There needs to be reform to bring the cost down but planned changes in PFI and, in particular, procurement in the health sector have already been discussed at length for the past year or so. The Treasury is apparently considering at the moment how to get the best out of PFI and contractors will hopefully be pleased when the change comes about.
Stephen Ratcliffe, director of the Major Contractors Group, said: 'PFI has delivered tremendous value to the National Health Service delivering good quality healthcare facilities on time and within budget. We know that ministers at the Treasury and Department of Health fully recognise this. The Department also understands contractors' needs and will be working with us to ensure that we are fully up to speed on the pace of deal flow and their changing priorities.' The Department of Health is also pushing a more optimistic line. A spokesman said: 'The department keeps the hospital PFI programme under constant review to ensure it delivers value for money. A number of PFI schemes are reaching a critical moment in their contracting process and are, therefore, being subjected to the sort of detailed scrutiny that the public would expect in a major procurement.

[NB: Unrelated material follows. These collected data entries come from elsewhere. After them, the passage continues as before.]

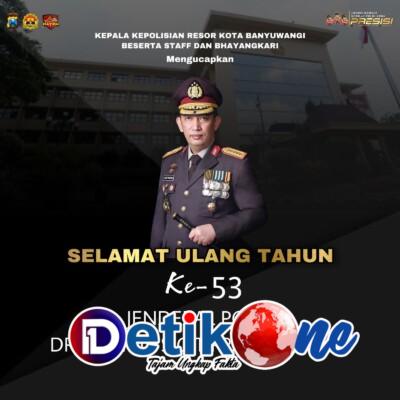 JAKARTA, detik1.com – Selamat ulang tahun ke 53 untuk pucuk pimpinan tertinggi di kepolisian bapak Kapolri Listyo Sigit Prabowo, M.Si . Semoga panjang umur, sehat selalu.
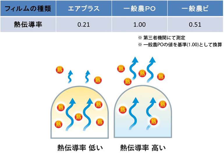 空気の断熱性により、保温性に優れています。加温ハウスの場合は、暖房燃料消費量の削減が期待できます。
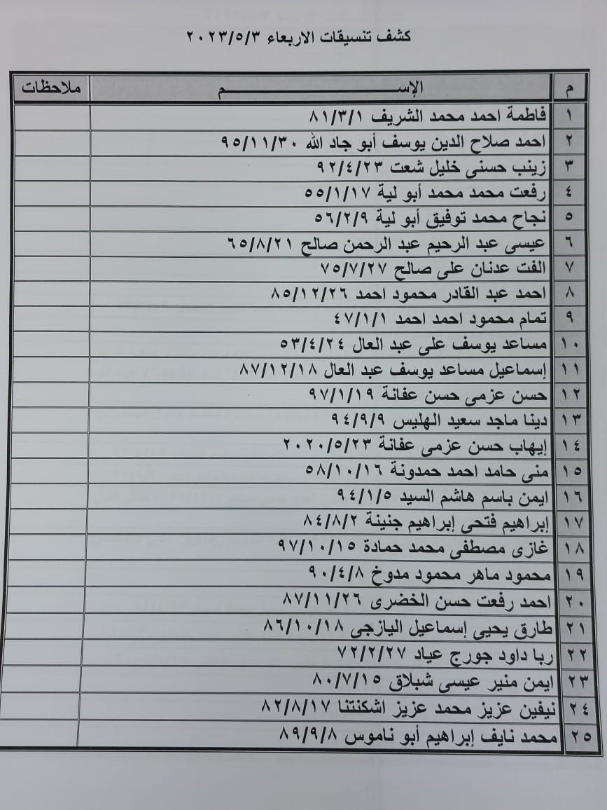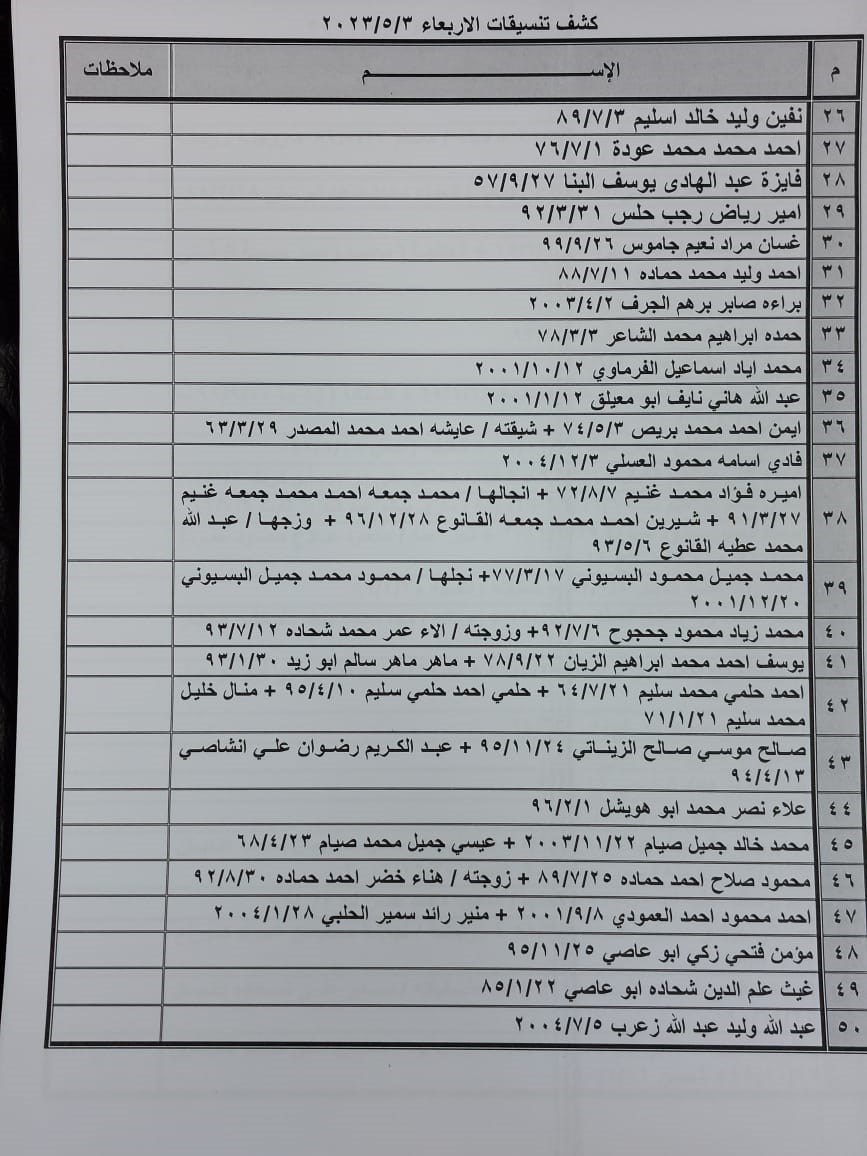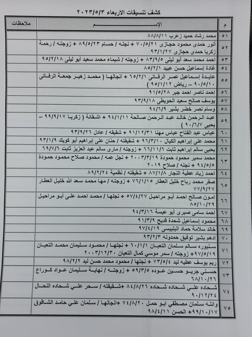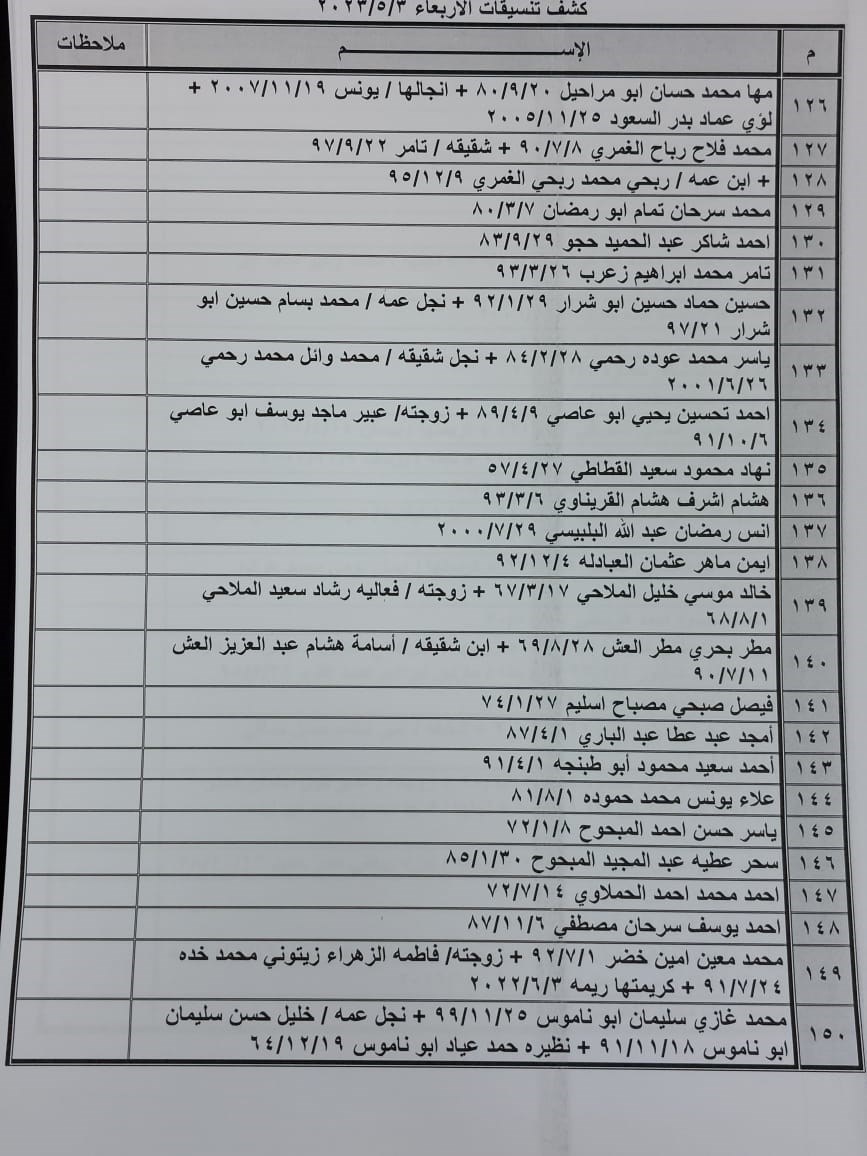 تعلن الهيئة العامة للمعابر والحدود بوزارة الداخلية والأمن الوطني عن وصول كشف "تنسيقات مصرية" للسفر عبر معبر رفح البري يوم الأربعاء (3 مايو)، والذين عليهم التواجد س 7:00 صباحاً في الصالة الخارجية للمعبر لتسهيل سفرهم.

'This does not mean there is a freeze on hospital PFI projects. We have just given two projects, Oxford Radcliffe Hospitals and Portsmouth Hospitals, the goahead for construction.
'PFI continues to deliver the biggest hospital building programme in the history of the NHS, replacing old and outmoded buildings with ones fit for the 21st century.
'Where new hospital PFI schemes are affordable to the NHS, meet patient needs and provide value for money, they will be built as we continue to rectify under investment in NHS facilities.' So it's not all doom and gloom, then. But the Government would say that. With the changes in policy towards a market-driven health service, there may be several more major hospital redevelopments to come crashing down. It must be an uncomfortable time for anyone investing the required millions in bidding for PFI hospitals.